Bulletin du Cancer. Volume 89, Number 11, 991, Novembre 2002, Tribune libre



Author(s) : Véronique Trillet-Lenoir, Coordination de la Cancérologie, Hospices Civils de Lyon..

ARTICLE

En ce début d'automne 2002, l'attention des « décideurs », responsables des pouvoirs publics nationaux et européens, industriels, citoyens regroupés en associations de patients, se tourne vers les cancérologues. Ne nous en plaignons pas. Félicitons-nous plutôt d'y voir reconnus les efforts déployés par nombre d'entre nous pour alerter l'opinion et ses représentants sur l'incontestable priorité de santé publique que constituent la prévention, le dépistage et la prise en charge de la maladie cancéreuse et de ses conséquences médicales, psycho-sociales et politico-économiques. Et tenons-nous prêts.
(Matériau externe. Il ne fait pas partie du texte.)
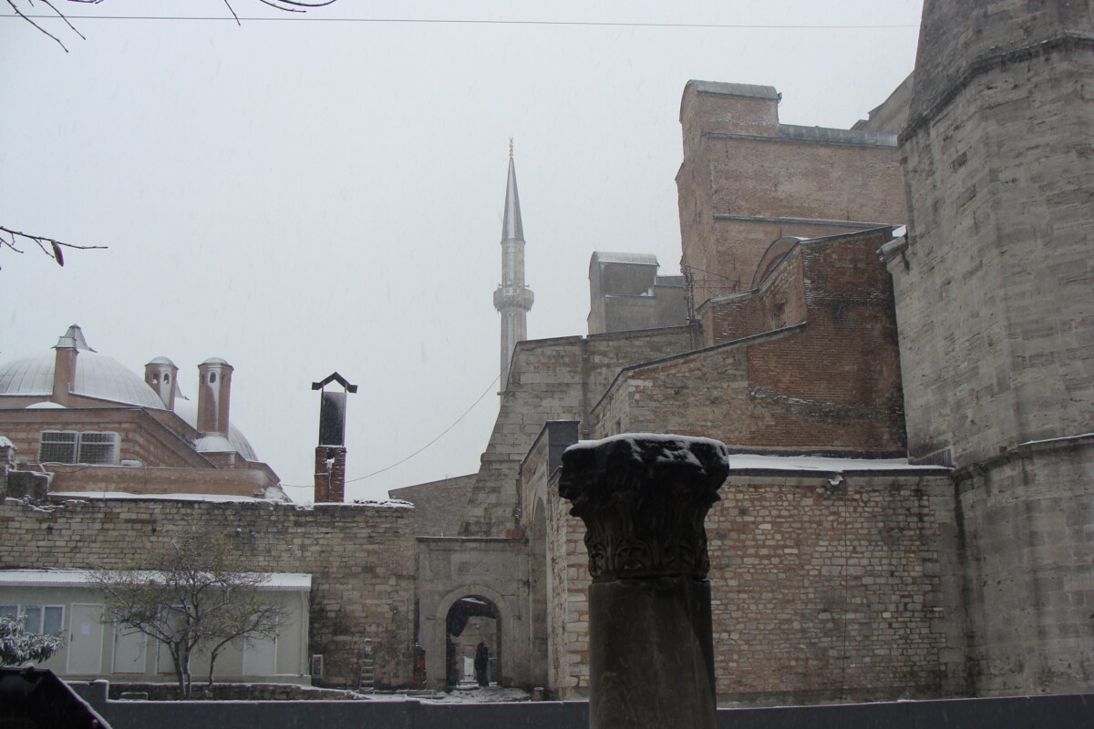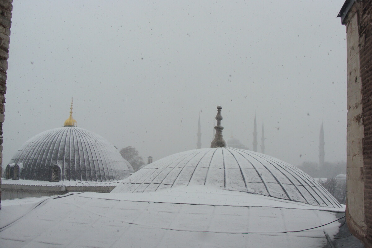 Ook deze keer naderden we de Prinseneilanden weer vanuit Istanboel waar we toen al drie dagen lang op toeristische verkenningen (en Karim op ´nostalgische verkenningen’) waren geweest. Winters weer met natte sneeuw, voor de eerste keer in de prachtige Hagia Sophia en nog twee andere fraaie moskeeën, afgewisseld met gezellige eet- en drinkgelegenheden die Karim nog van eerdere bezoeken aan Istanboel kende en die ons o.a. bekend maakten met de heerlijke, verwarmende winterse drank Salep.

Prêts ? Prêts à communiquer les informations ? Sur les insuffisances et l'inadaptation de notre système de soins aux besoins de prise en charge des populations de nos secteurs ? Sur les trop faibles effectifs en cancérologues vis-à-vis de la nécessité pour chaque patient d'une prise de décisions concertée, multi-disciplinaire et chronophage ? Sur les difficultés de recrutement de personnels spécialisés sur les plateaux techniques de radiothérapie, d'imagerie ? Sur le déficit en structures d'hospitalisation dédiées à la chimiothérapie... ? Tous prêts bien sûr, mais sur quels arguments déchiffrables et... chiffrables ?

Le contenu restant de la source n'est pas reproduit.